The end of the parlêtre
If we start from a simple psychoanalytic definition of barbarism, namely the domination of a real power over a symbolic one and the exclusion of alterity, we do not need to go to Israel, Armenia or Ukraine to see that it is everywhere, in us, in our streets and obviously on the Web.
However, seeing for the first time since the Holocaust hundreds of Jews (children, babies, women, grandparents) killed on the spot or piled into vans – there are no trains in this region – in order to be locked up and probably executed on another territory, could have brought everyone together to condemn the horror of undeniable terrorist acts. But the terror still shatters our ears as we hear some – and this is only the beginning – justifying and reclassifying the barbarity in question as acts of war or even resistance… The news broadcasters, for their part, are rubbing their hands to see their audience increase while the episodes in Ukraine were just starting to tire viewers.
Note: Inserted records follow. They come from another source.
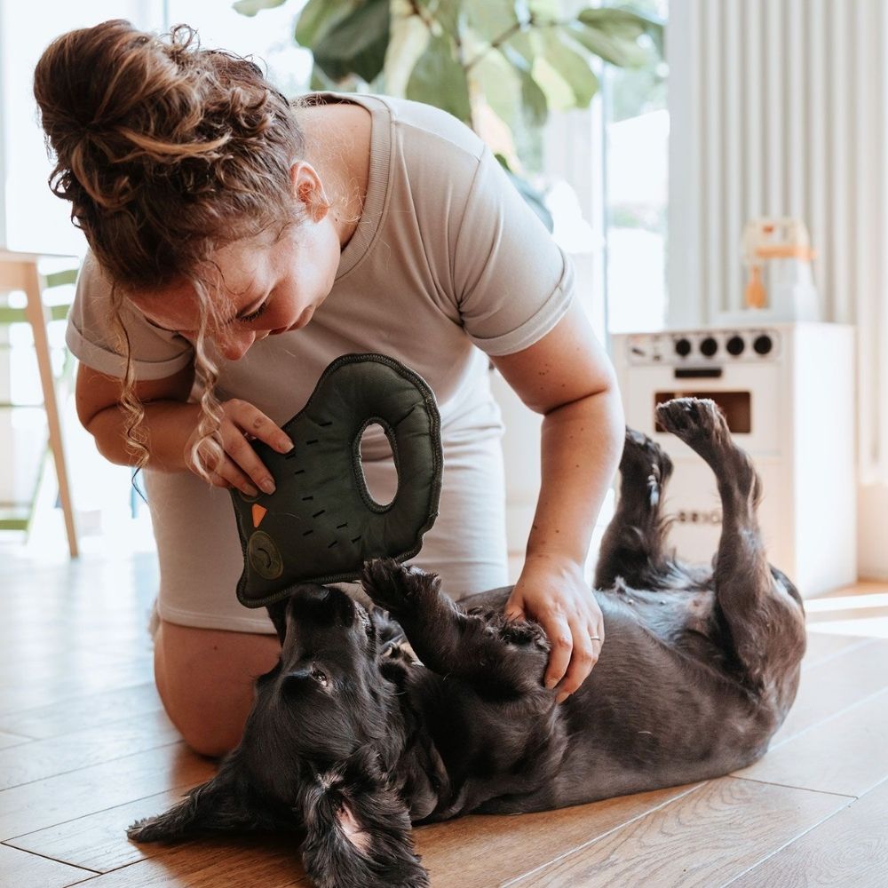 Los juegos de tirar entre perro y humano pueden ser una maravillosa sesión de entrenamiento, un divertido desafío de fuerza y una interacción que fomenta la confianza, siempre que las reglas estén claras y el juego pueda interrumpirse en cualquier momento. Los animales del bosque dormidos de la serie TOUGH TUNDRA son los juguetes perfectos para largas sesiones de juego de tirar. La abertura integrada ofrece un agarre cómodo para la mano, y la tela densa y texturizada es especialmente resistente al tirón, robusta y duradera. Los pequeños agujeros en el tejido causados por los dientes pueden incluso rascarse fácilmente para repararlos. La resistencia a la abrasión y al desgaste hace que TOUGH TUNDRA sea un juguete favorito que soporta incluso los juegos más intensos.
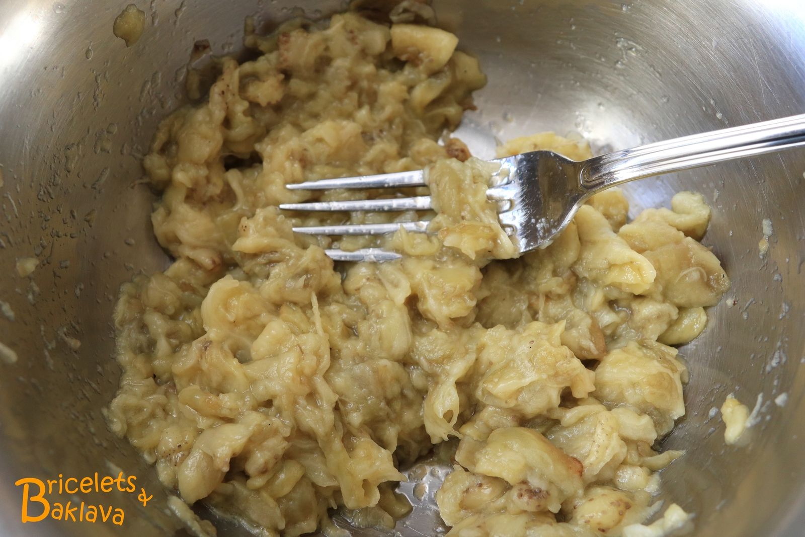 Une fois la chair d’aubergine bien égouttée, la transvaser dans un saladier et à l’aide d’une fourchette l’écraser afin d’obtenir une belle purée. Et surtout pas de mixer pour cette opération.
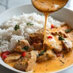 A rich and comforting Creamy Paprika Chicken served with tender white rice, simmered in a velvety sauce infused with smoky and sweet paprika for a flavorful, home-style meal perfect for weeknight dinners.
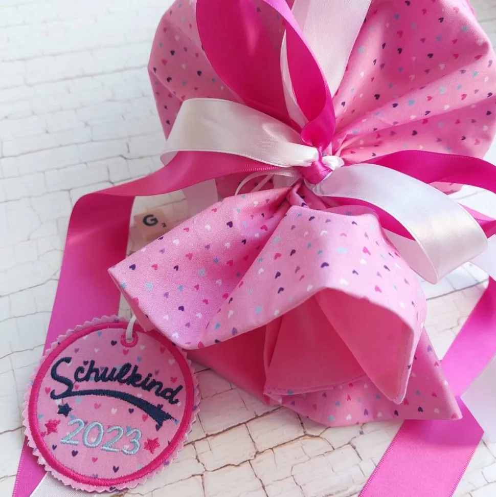 Das Motiv und der Name werden nach der Bestellung aufgestickt. Die Größe des Namens kann durch die Anzahl der Buchstaben variieren. Lange Namen werden also etwas kleiner. Das gleiche gilt für Doppelnamen (Aufpreis). Bitte geben Sie hier an, ob die Namen nebeneinander oder untereinander aufgestickt werden sollen. Auf Wunsch kann auch das Einschulungsdatum aufgestickt werden (Aufpreis). Den abgebildeten Herzanhänger (Aufpreis) fertige ich passend aus den Stoffen der Schultüte an.
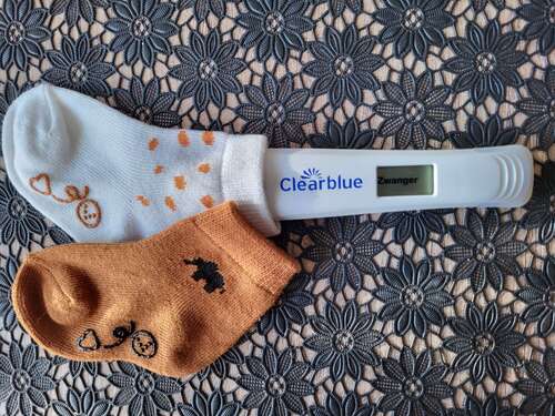 Het ergste is nog m’n man weet niet dat ik die Clearblue test heb gekocht. ...
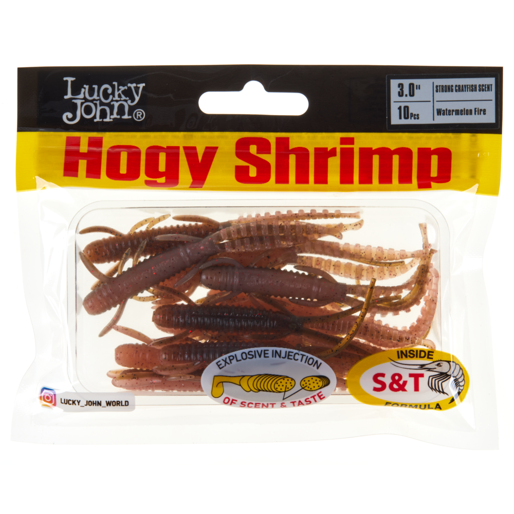 Lucky John HOGY SHRIMP ir māneklis, kas imitē fantāzijas tipa zemūdens vēzi ar daudzām kājiņām, kas ir iecienīts lielu asaru un citu plēsīgo zivju medījums. HOGY SHRIMP ir pasīvais māneklis, impregnēts ar noturīgu vēžu aromātu. Tas ir ļoti efektīvs gan saldūdens, gan sālsūdens makšķerēšanā un īpaši ieteicams asaru un zandartu ķeršanai. HOGY SHRIMP ir pieejams dažādās dabiskās krāsās un trīs izmēros – 2,2” (5,6 cm), 3” (7,6 cm) un 3,5” (8,9 cm).
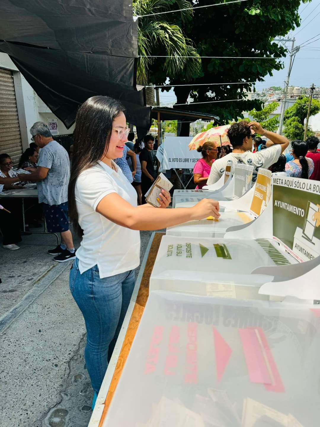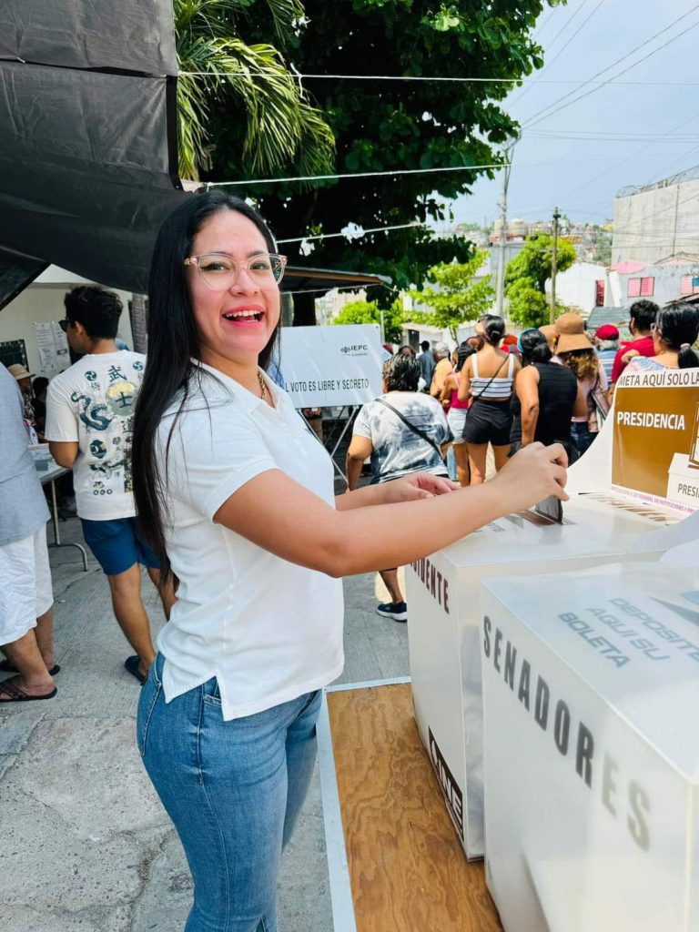 Acapulco, Gro., a 02 de junio de 2024.- La Presidenta de la Junta se Coordinación Política del Congreso del Estado de Guerrero, Citlali Calixto Jiménez sufragio su voto esta mañana.
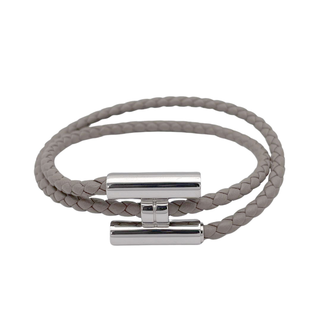 HERMES エルメス レザーブレスレット トゥルニ トレッセ 二重巻きベルト ヴォー・スウィフト グリ・エタン シルバー金具
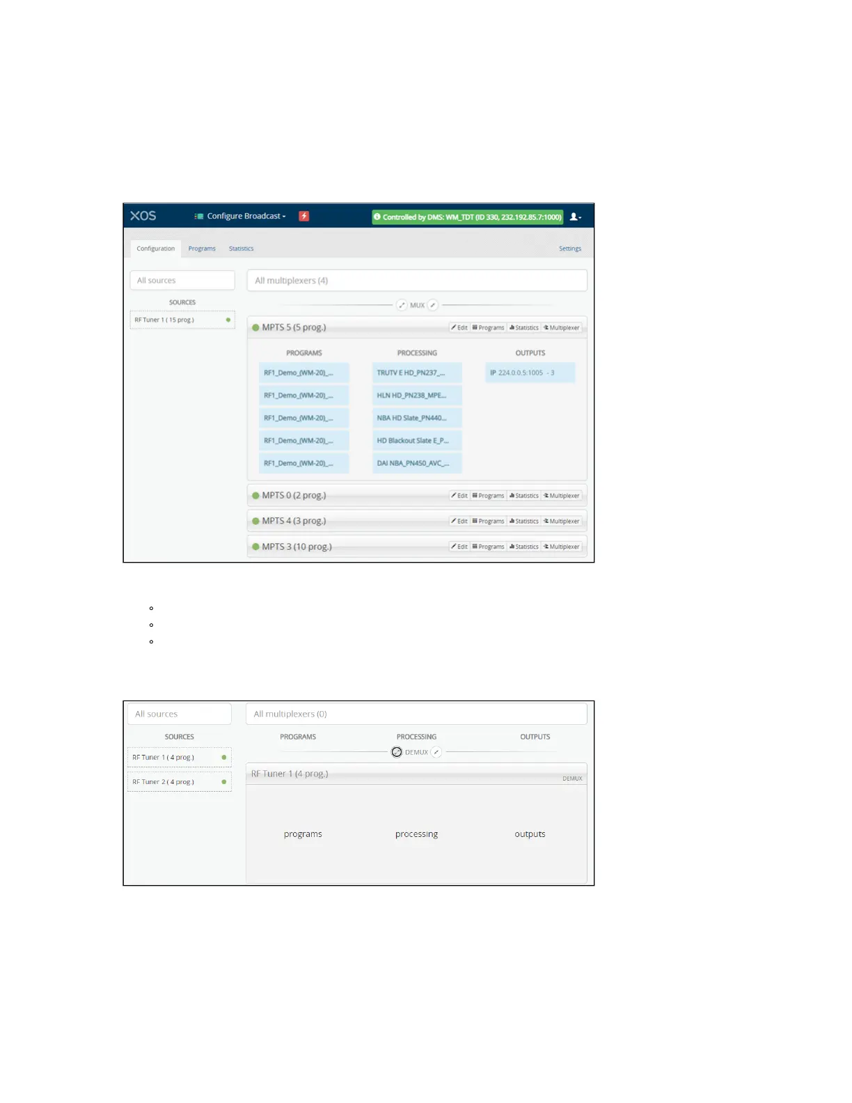 Click on a multiplexer to expand the display for a list of authorized programs.

If the Jews “had been kind, they would have disappeared a long time ago, we would no longer talk about them,” wrote Charles Melman in an editorial in 2002. But if this people steeped in history, who reminds us despite ourselves of the existence of the Father and the central role of the letter, became too kind to the point of disappearing, then perhaps no one would really speak anymore… Barbarism would have won and reduced to nothing our status as parlêtre (speaking-beings).
Psychoanalysts know the growing precariousness of this status in the face of the onslaught of men and machines alike. But who listens to them?